2. **REP (Repeat/Popularity):** A heuristic baseline that predicts re-watching (high on Twitch) and global popularity.

**Evaluation Strategy:**
We evaluate on two subsets of the test data to highlight the difference between "Retention" and "Discovery":
- **Full Test Set:** Includes re-watches. (REP usually wins here).
- **New Discovery Only:** Filters out any streamer the user has watched in training. (ALS should win here).

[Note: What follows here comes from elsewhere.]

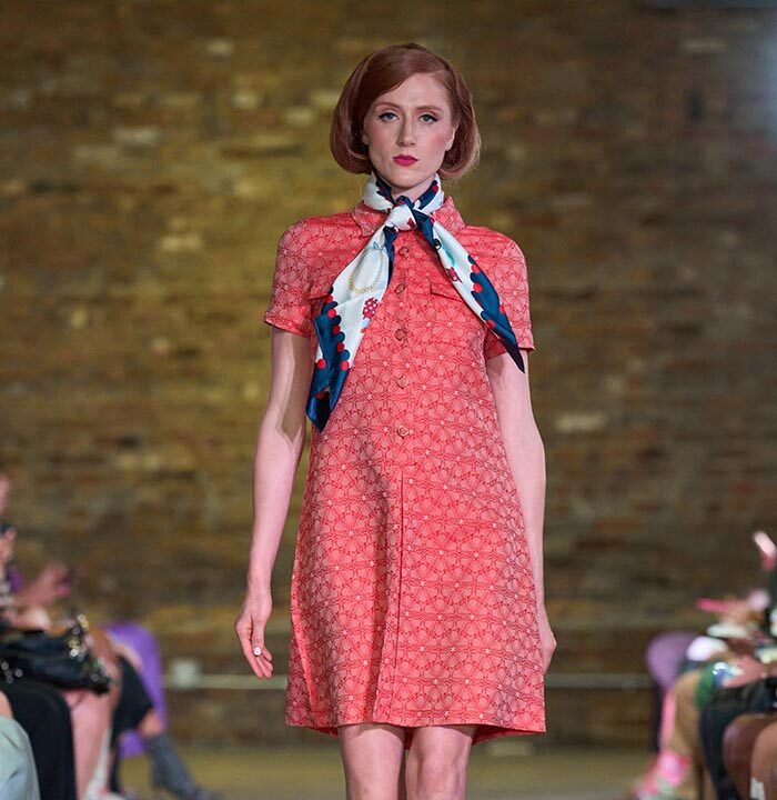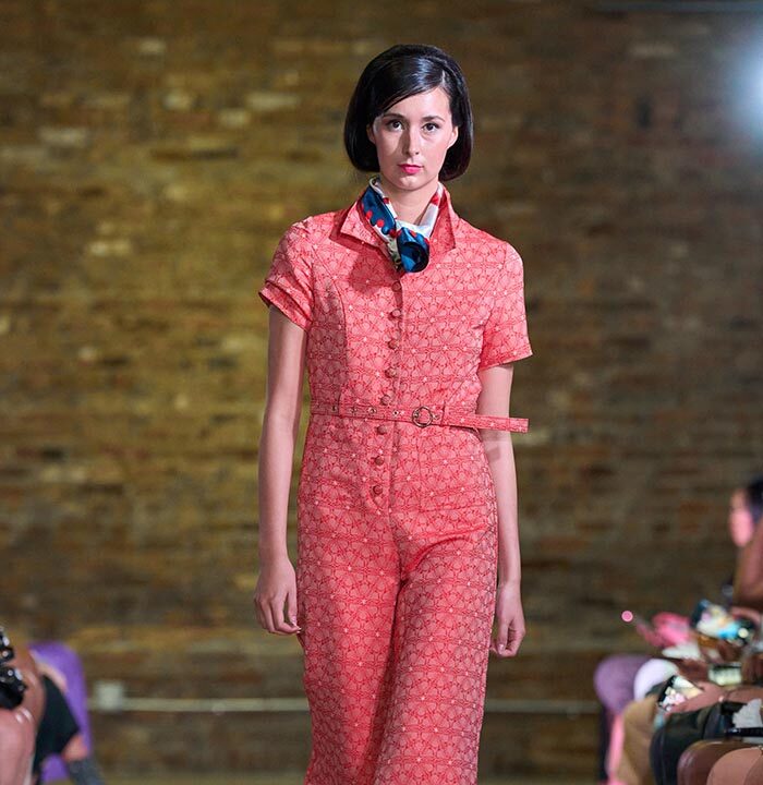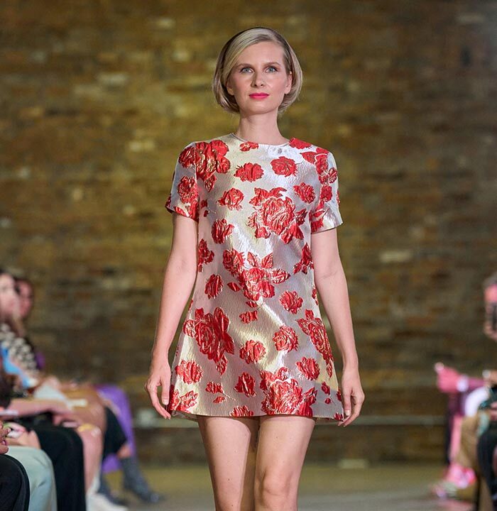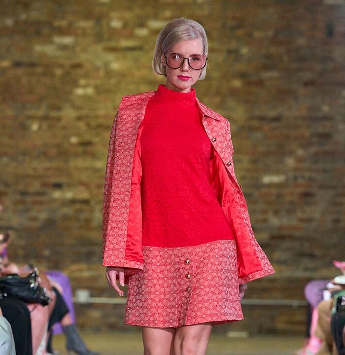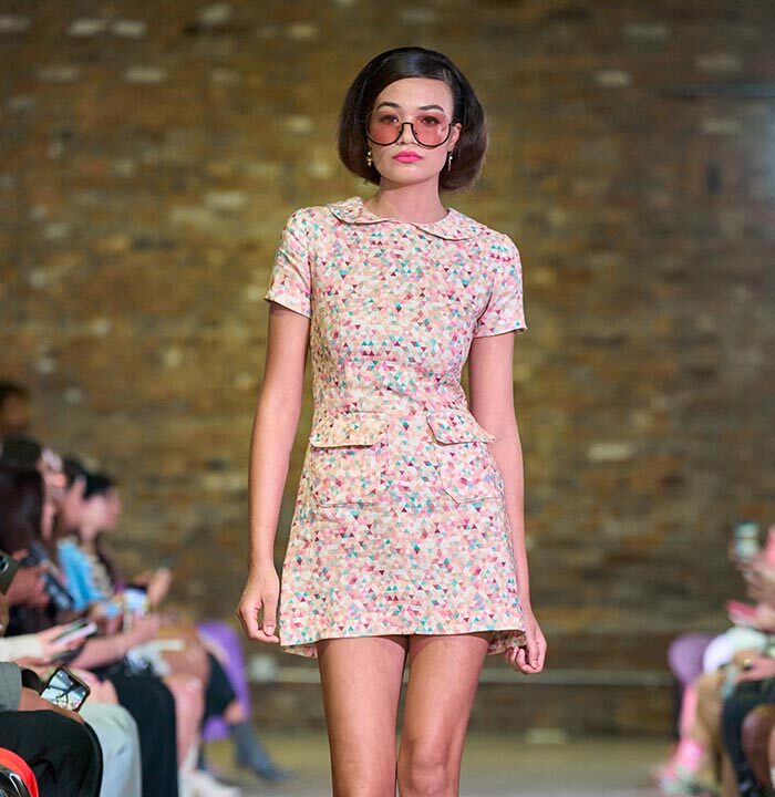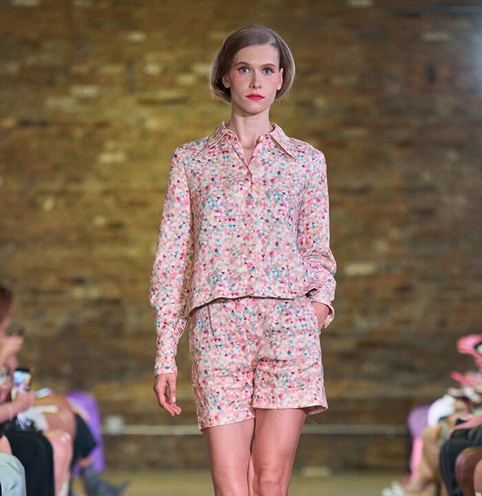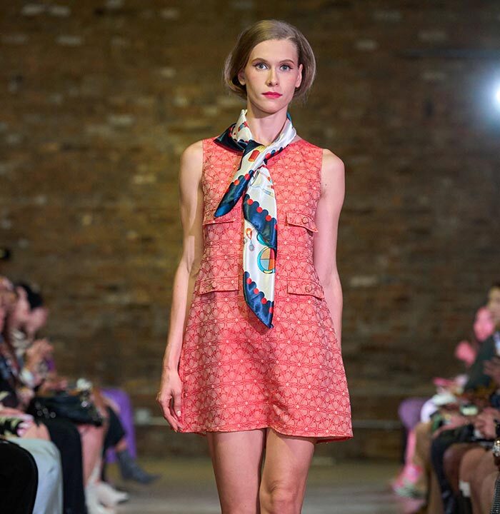 Drawing inspiration from the unmistakable flare of Pan American flight attendants, designer Travis Hamilton reimagined the feminine silhouette, revising mini-dresses, skirts, and rompers in rich, soft floral brocades. An additional feature in this season’s runway show signaled a significant milestone for Hamilton: his whimsical, vibrant, tailored pickleball totes highlighted Negris LeBrum’s unprecedented venture with Texas Southern University (TSU) – House of Maroon.

## 1. Loading Dependencies

In [None]:
import pandas as pd
import numpy as np
import scipy.sparse as sparse
import random
import os
import time
from collections import defaultdict

# Optional: Try to import implicit for ALS. If not installed, we will skip ALS or warn.
try:
    import implicit
    HAS_IMPLICIT = True
except ImportError:
    print("WARNING: 'implicit' library not found. Please run `pip install implicit`.")
    print("ALS steps will be skipped in this run.")
    HAS_IMPLICIT = False



## 2. Data Loading & Preprocessing
We load the CSV, calculate implicit weights (Duration), and Map IDs.

In [None]:
class TwitchDataLoader:
    def __init__(self, filepath):
        self.filepath = filepath
        self.df = None
        self.user_map = {}
        self.item_map = {}
        self.item_map_inv = {}
        
    def load_and_process(self):
        # Assuming no header based on description, but let's safely load
        # Columns: User ID, Stream ID, Streamer username, Time start, Time stop
        if not os.path.exists(self.filepath):
            raise FileNotFoundError(f"File {self.filepath} not found. Please ensure the CSV is in the directory.")

        try:
            self.df = pd.read_csv(self.filepath, names=['user_id', 'stream_id', 'streamer', 'start', 'stop'])
        except:
            # Fallback if header exists
            self.df = pd.read_csv(self.filepath)
        
        # 1. Calculate Duration (Implicit Feedback Strength)
        self.df['duration'] = self.df['stop'] - self.df['start']
        
        # 2. Map Streamer Usernames to IDs
        unique_streamers = self.df['streamer'].unique()
        self.item_map = {name: i for i, name in enumerate(unique_streamers)}
        self.item_map_inv = {i: name for i, name in enumerate(unique_streamers)}
        self.df['item_idx'] = self.df['streamer'].map(self.item_map)
        
        # 3. Map User IDs to 0...N range
        unique_users = self.df['user_id'].unique()
        self.user_map = {uid: i for i, uid in enumerate(unique_users)}
        self.df['user_idx'] = self.df['user_id'].map(self.user_map)
        
        print(f"Loaded {len(self.df)} interactions.")
        print(f"Users: {len(self.user_map)}, Streamers: {len(self.item_map)}")
        return self.df

loader = TwitchDataLoader('100k_a.csv')
full_df = loader.load_and_process()



## 3. Temporal Split (Train / Test)
We split based on sorting by time and taking the first N% of rows.
- **Train:** First 90% of interactions (sorted by time).
- **Test:** Last 10% of interactions.

In [None]:
def temporal_split(df, split_ratio=0.8):
    # Sort by start time to ensure temporal order
    df = df.sort_values(by='start')
    
    # Split by row count index
    split_index = int(len(df) * split_ratio)
    
    print(f"Splitting data at row {split_index} out of {len(df)}")
    
    train_df = df.iloc[:split_index].copy()
    test_df = df.iloc[split_index:].copy()
    
    # Filter Test: Only keep users who exist in Train (Cold start users are a different problem)
    train_users = set(train_df['user_idx'].unique())
    test_df = test_df[test_df['user_idx'].isin(train_users)]
    
    print(f"Train samples: {len(train_df)}")
    print(f"Test samples:  {len(test_df)}")
    
    return train_df, test_df

train_df, test_df = temporal_split(full_df)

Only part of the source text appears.